Fritz had refused to let Minna ask a second time to be let in. 'It will soon be your husband's privilege, my darling, to take care of you and comfort you,' he said. 'At this dreadful time, there must be no separation between you and me.'
His arm was round her; her head rested on his shoulder. She looked up at him timidly.
'Are you not going with them to the cemetery?' she asked.
'I am going to stay with you, Minna.'
'You were angry yesterday, Fritz, when you met me with my mother. Don't think the worse of her, because she is ill and troubled in her mind. You will make allowances for her as I do—won't you?'
'My sweet girl, there is nothing I won't do to please you! Kiss me, Minna. Again! again!'
On the higher floor of the house, Mr. Keller and the doctor were waiting in the chamber of death.

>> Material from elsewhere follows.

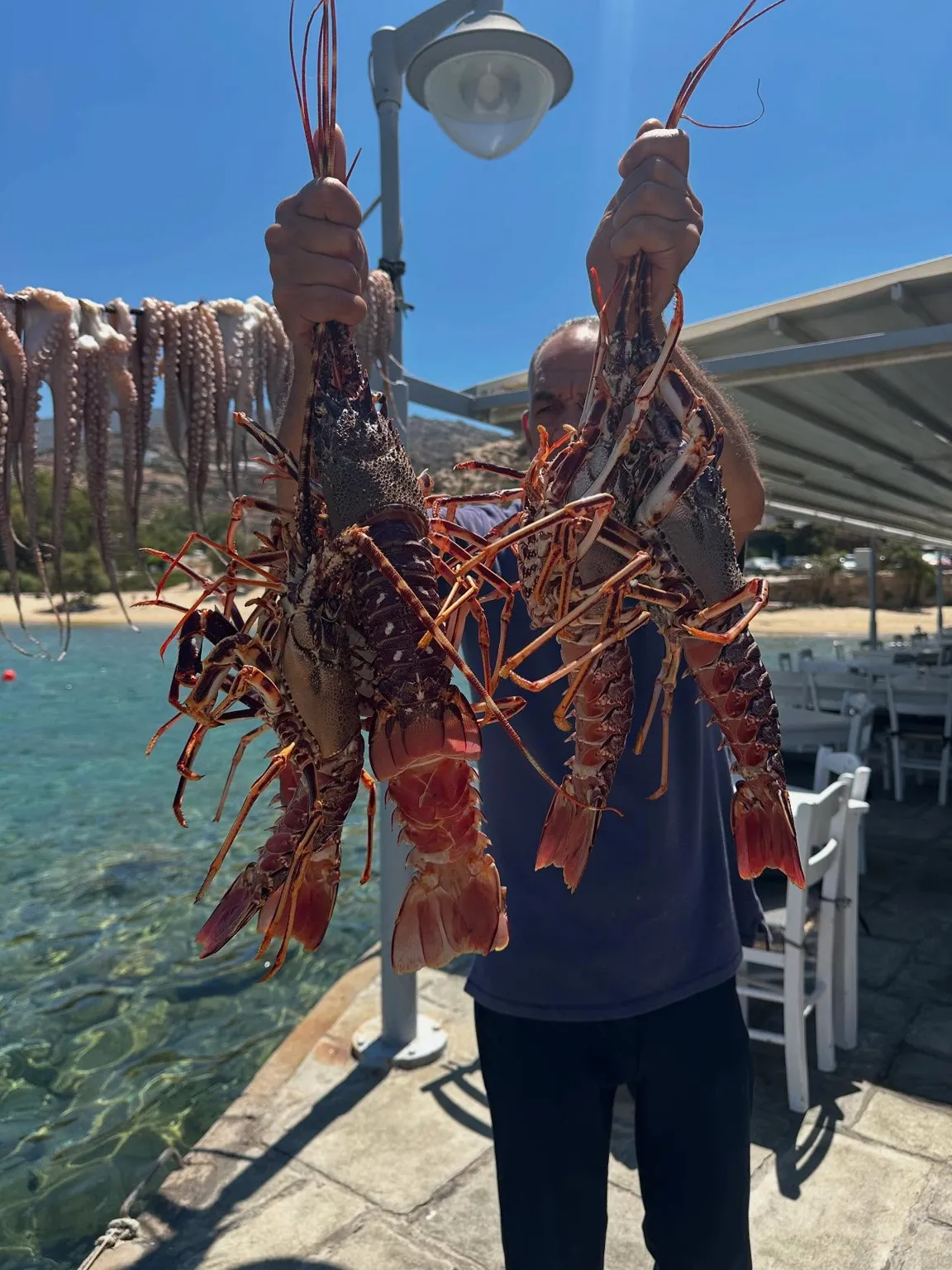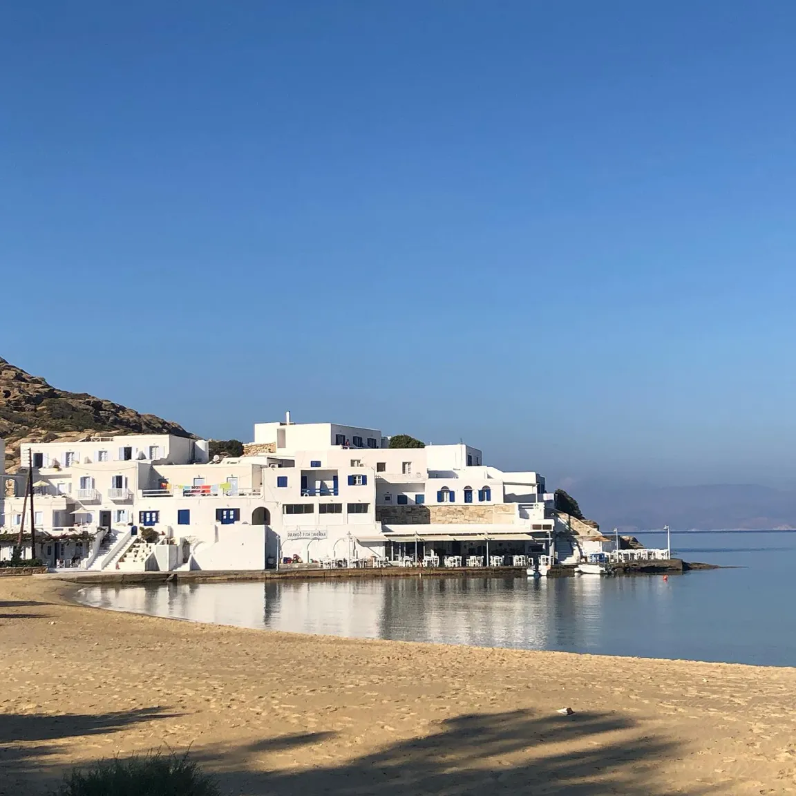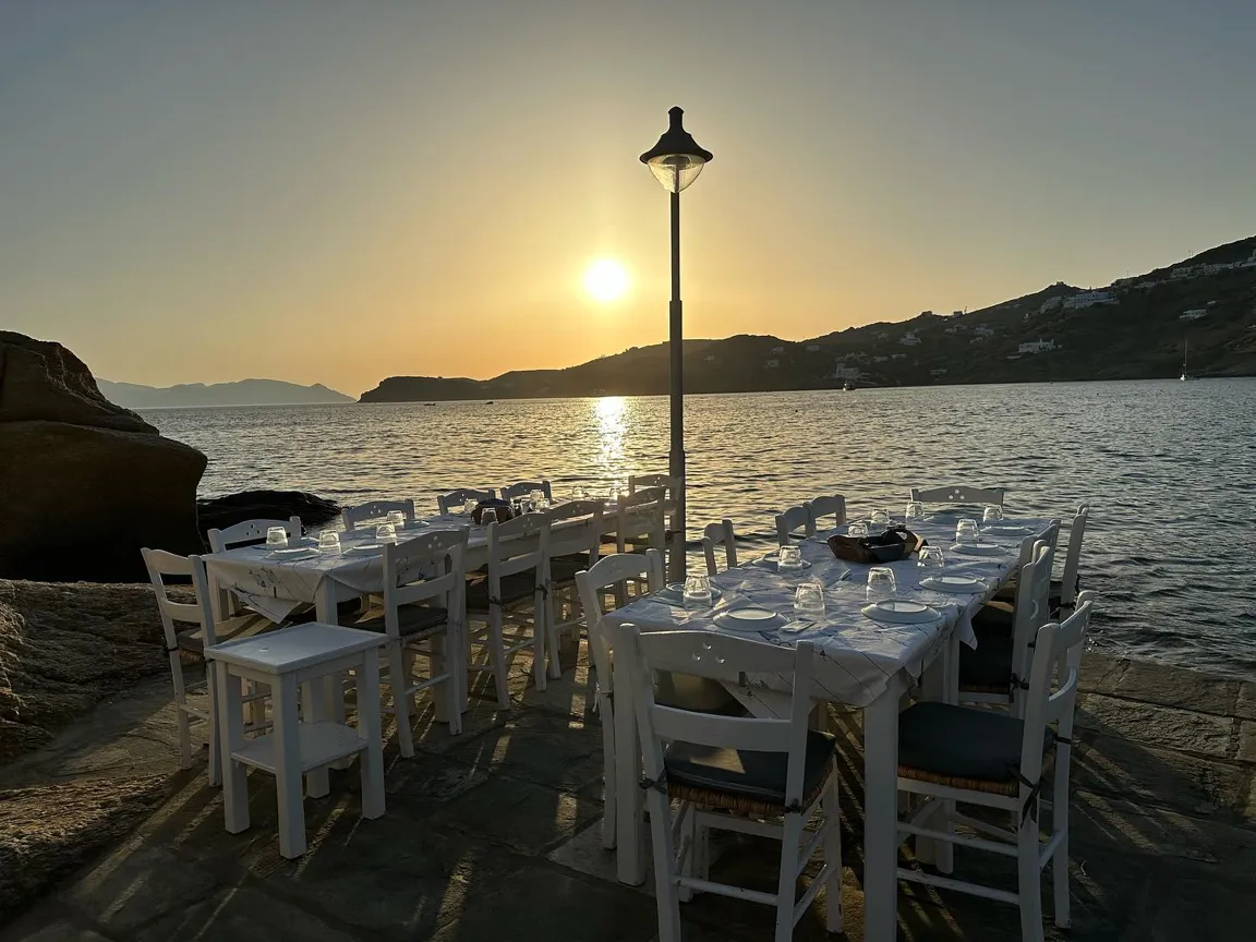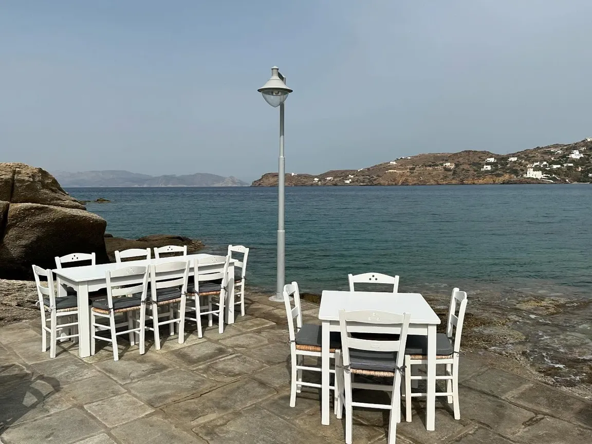 Στην Ίο, το εστιατόριο του Γιώργου Δράκου «κλείνει» τη μια άκρη του θρυλικού Μυλοπότα, σαν μικρό ακρωτήρι. Υπάρχει εκεί από τις αρχές της δεκαετίας του ’60, από τότε δηλαδή που οι χίπις παραθέριζαν στις γύρω σπηλιές. Πίσω από το εστιατόριο κρύβεται ο ήλιος όταν πάει να βασιλέψει. Είναι κομμάτι του τοπίου, σαν τη φαρδιά αμμουδιά, τα βράχια και τα σπίτια των γάλλων ζωγράφων στην απέναντι μεριά της παραλίας. Οι βάρκες είναι δεμένες και τα δίχτυα σωριασμένα κοντά στις μπλε καρέκλες. Τα κεφαλόπουλα τριγυρίζουν δίπλα ακριβώς, όπως και οι γάτες, τσιμπολογούν τα ψίχουλα που πέφτουν από τα τραπέζια στο νερό.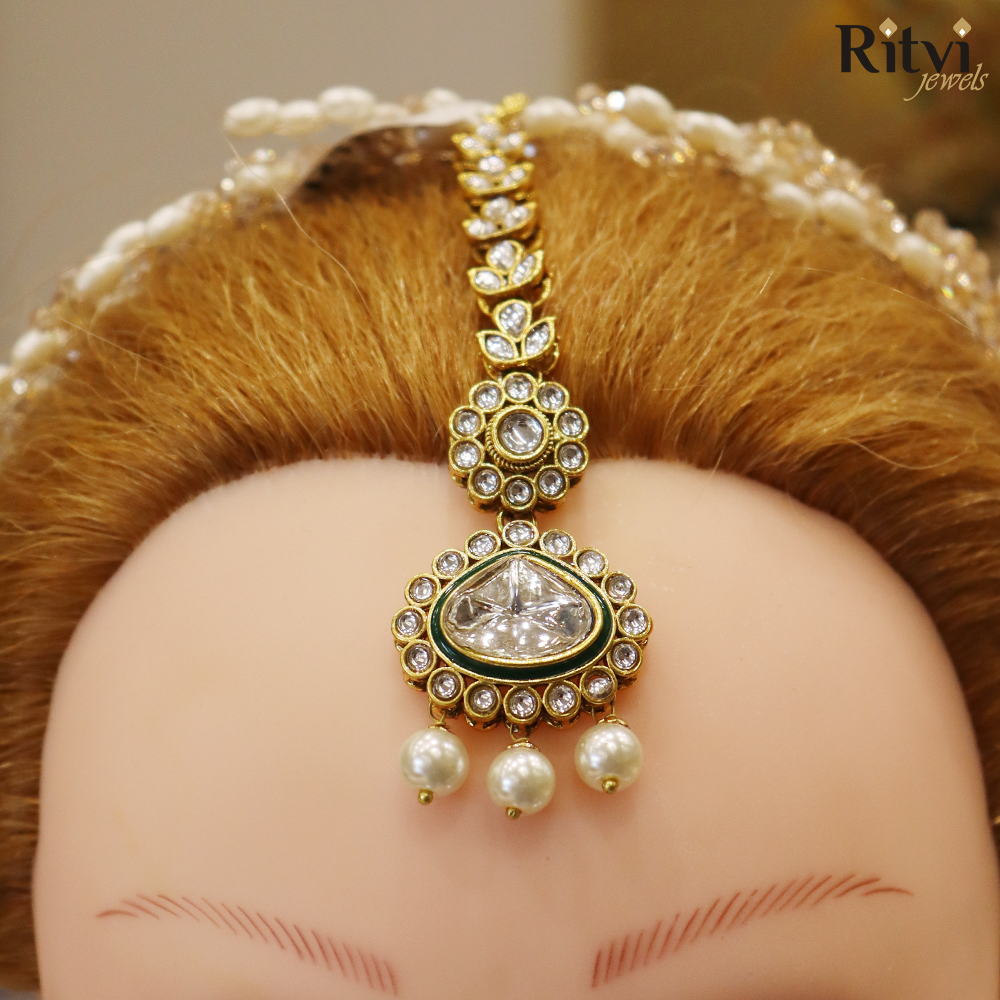 Barkha Kundan Maang Tikka is a traditional Indian hair ornament worn on the forehead, usually part of bridal or festive jewellery. It features intricate craftsmanship using the ancient art of Kundan jewellery, where gemstones are set in gold or silver foil.

Jack kept his silent watch by the side of the couch, on which the one human creature who had befriended him lay hushed in the last earthly repose. Still, from time to time, he whispered to himself the sad senseless words, 'No, no, no—not dead, Mistress! Not dead yet!'
There was a soft knock at the door. The doctor opened it. Madame Fontaine stood before him. She spoke in dull monotonous tones—standing in the doorway; refusing, when she was invited by a gesture, to enter the room.
'The hearse has stopped at the door,' she said. 'The men wish to ask you if they can come in.'
It was Joseph's duty to make this announcement. Her motive for forestalling him showed itself dimly in her eyes. They were not on Mr. Keller; not on the doctor; not on the couch. From the moment when the door had been opened to her, she fixed her steady look on Jack. It never moved until the bearers of the dead hid him from her when they entered the room.
The procession passed out. Jack, at Mr. Keller's command, followed last. Standing back at the doorway, Madame Fontaine caught him by the arm as he came out.
'You were half asleep this morning,' she whispered. 'You are not half asleep now. How did you get the blue- glass bottle? I insist on knowing.'
'I won't tell you!'
Madame Fontaine altered her tone.
'Will you tell me who emptied the bottle? I have always been kind to you—it isn't much to ask. Who emptied it?'
His variable temper changed; he lifted his head proudly. Absolutely sure of his mistress's recovery, he now claimed the merit that was his due.
'How did you empty it?' she asked faintly. 'Did you throw away what was in it? Did you give it to anybody?'
He seized her in his turn—and dragged her to the railing of the corridor. 'Look there!' he cried, pointing to the bearers, slowly carrying their burden down the stairs. 'Do you see her, resting on her little sofa till she recovers? I gave it to her!'
He left her, and descended the stairs. She staggered back against the wall of the corridor. Her sight seemed to be affected. She groped for the stair-rail, and held by it. The air was wafted up through the open street-door. It helped her to rally her energies. She went down steadily, step by step, to the first landing—paused, and went down again. Arrived in the hall, she advanced to Mr. Keller, and spoke to him.